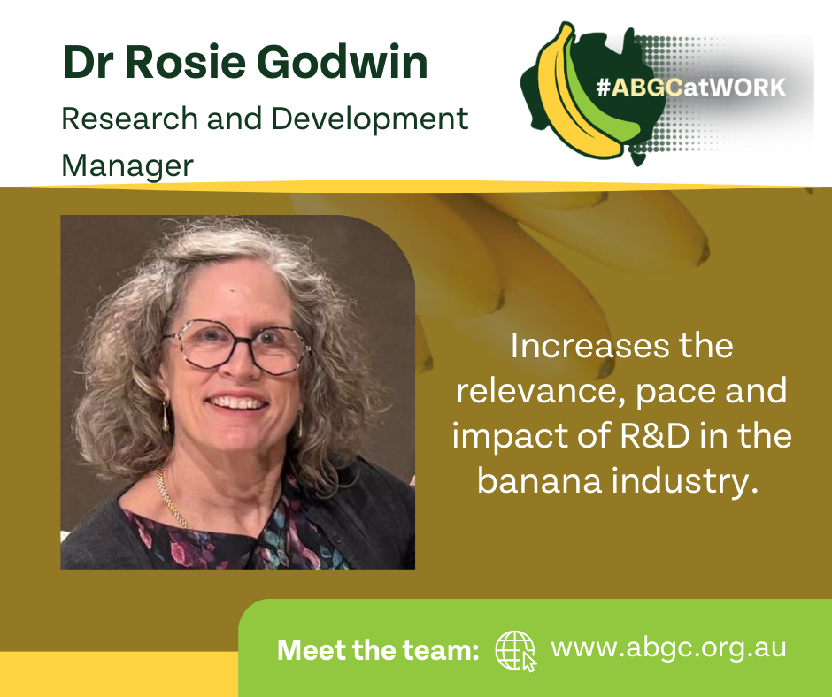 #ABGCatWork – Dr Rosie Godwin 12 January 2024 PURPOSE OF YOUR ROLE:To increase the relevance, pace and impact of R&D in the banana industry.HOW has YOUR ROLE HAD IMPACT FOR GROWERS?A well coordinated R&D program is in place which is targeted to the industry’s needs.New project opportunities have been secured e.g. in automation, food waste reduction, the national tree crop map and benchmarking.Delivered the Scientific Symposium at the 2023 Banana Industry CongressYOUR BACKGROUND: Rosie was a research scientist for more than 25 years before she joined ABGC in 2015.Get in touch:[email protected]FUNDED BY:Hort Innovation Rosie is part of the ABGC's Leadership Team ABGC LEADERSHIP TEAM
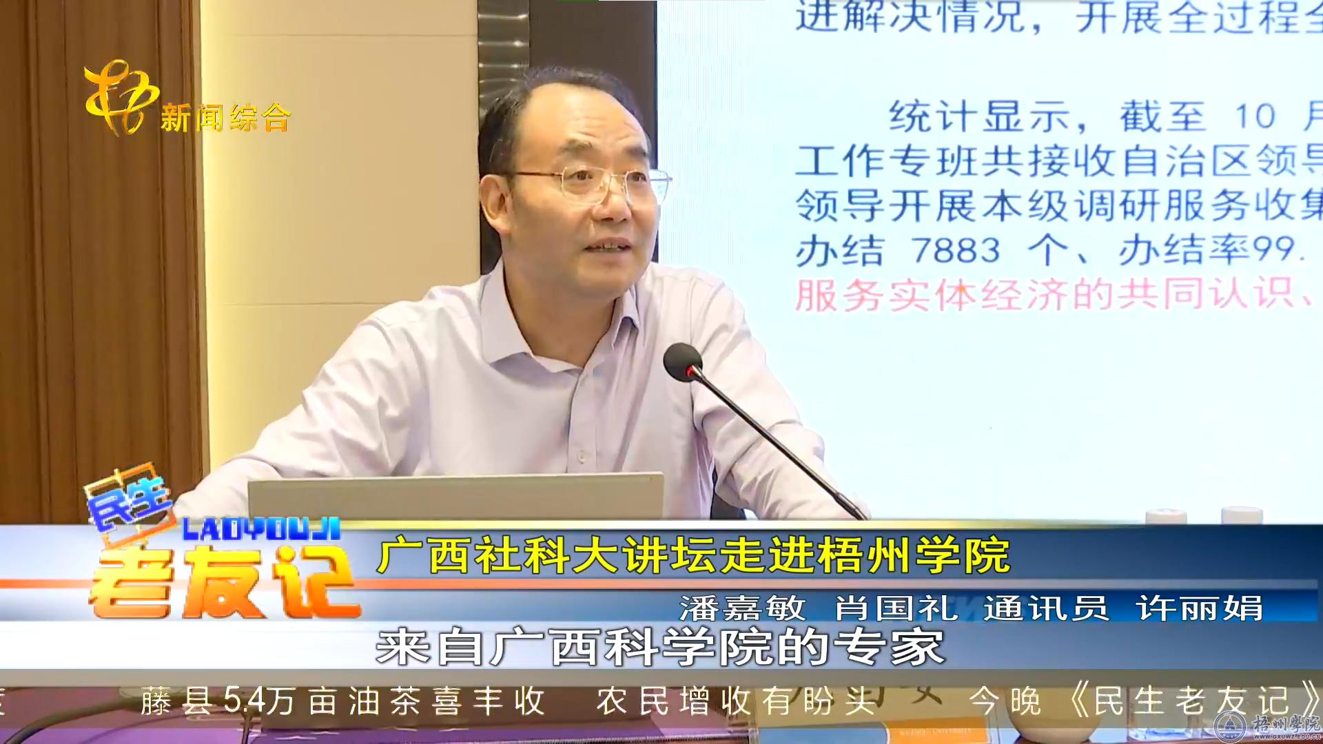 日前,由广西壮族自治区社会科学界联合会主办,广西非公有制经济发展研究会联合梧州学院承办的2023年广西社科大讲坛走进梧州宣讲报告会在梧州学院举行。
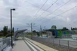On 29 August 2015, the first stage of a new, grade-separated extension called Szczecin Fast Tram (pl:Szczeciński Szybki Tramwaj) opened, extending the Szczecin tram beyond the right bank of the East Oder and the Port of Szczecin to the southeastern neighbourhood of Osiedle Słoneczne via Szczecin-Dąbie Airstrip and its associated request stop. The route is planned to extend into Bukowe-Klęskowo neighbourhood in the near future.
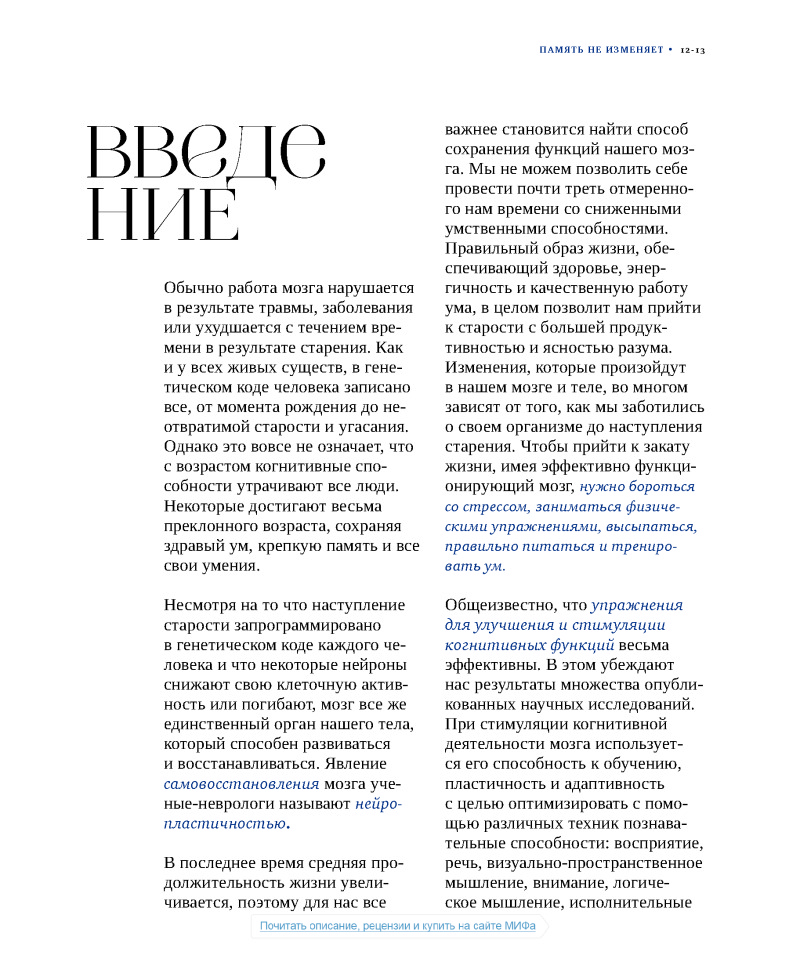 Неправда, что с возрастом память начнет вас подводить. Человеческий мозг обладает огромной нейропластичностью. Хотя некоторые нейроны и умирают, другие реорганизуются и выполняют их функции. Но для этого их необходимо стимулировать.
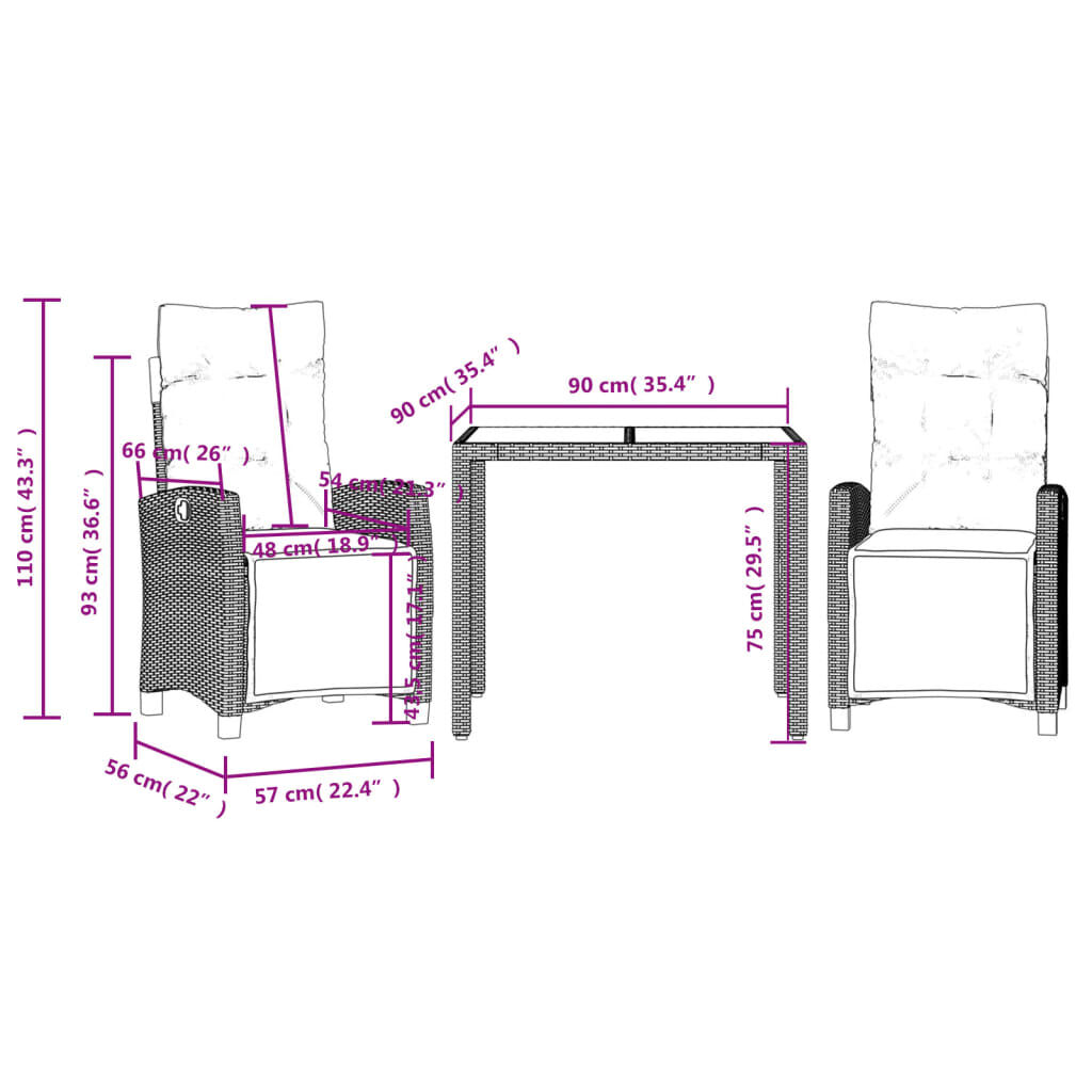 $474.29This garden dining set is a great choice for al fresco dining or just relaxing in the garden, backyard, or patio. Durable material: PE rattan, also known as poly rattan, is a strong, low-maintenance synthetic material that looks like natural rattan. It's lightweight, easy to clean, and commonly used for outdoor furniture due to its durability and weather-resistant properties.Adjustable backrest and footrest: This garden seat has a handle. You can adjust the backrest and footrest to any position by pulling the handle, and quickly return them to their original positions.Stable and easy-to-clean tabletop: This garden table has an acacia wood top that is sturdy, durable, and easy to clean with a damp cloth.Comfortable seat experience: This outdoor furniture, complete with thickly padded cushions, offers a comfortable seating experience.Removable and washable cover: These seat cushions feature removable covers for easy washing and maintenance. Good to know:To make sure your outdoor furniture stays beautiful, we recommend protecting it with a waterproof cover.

* [Work to complete]
Starting at the first line of the records and stopping after the line with "Неправда, что с", copy each line exactly; pictures stay out.

* [Your solution]
 #ABGCatWork – Dr Rosie Godwin 12 January 2024 PURPOSE OF YOUR ROLE:To increase the relevance, pace and impact of R&D in the banana industry.HOW has YOUR ROLE HAD IMPACT FOR GROWERS?A well coordinated R&D program is in place which is targeted to the industry’s needs.New project opportunities have been secured e.g. in automation, food waste reduction, the national tree crop map and benchmarking.Delivered the Scientific Symposium at the 2023 Banana Industry CongressYOUR BACKGROUND: Rosie was a research scientist for more than 25 years before she joined ABGC in 2015.Get in touch:[email protected]FUNDED BY:Hort Innovation Rosie is part of the ABGC's Leadership Team ABGC LEADERSHIP TEAM
 日前,由广西壮族自治区社会科学界联合会主办,广西非公有制经济发展研究会联合梧州学院承办的2023年广西社科大讲坛走进梧州宣讲报告会在梧州学院举行。
On 29 August 2015, the first stage of a new, grade-separated extension called Szczecin Fast Tram (pl:Szczeciński Szybki Tramwaj) opened, extending the Szczecin tram beyond the right bank of the East Oder and the Port of Szczecin to the southeastern neighbourhood of Osiedle Słoneczne via Szczecin-Dąbie Airstrip and its associated request stop. The route is planned to extend into Bukowe-Klęskowo neighbourhood in the near future.
 Неправда, что с возрастом память начнет вас подводить. Человеческий мозг обладает огромной нейропластичностью. Хотя некоторые нейроны и умирают, другие реорганизуются и выполняют их функции. Но для этого их необходимо стимулировать.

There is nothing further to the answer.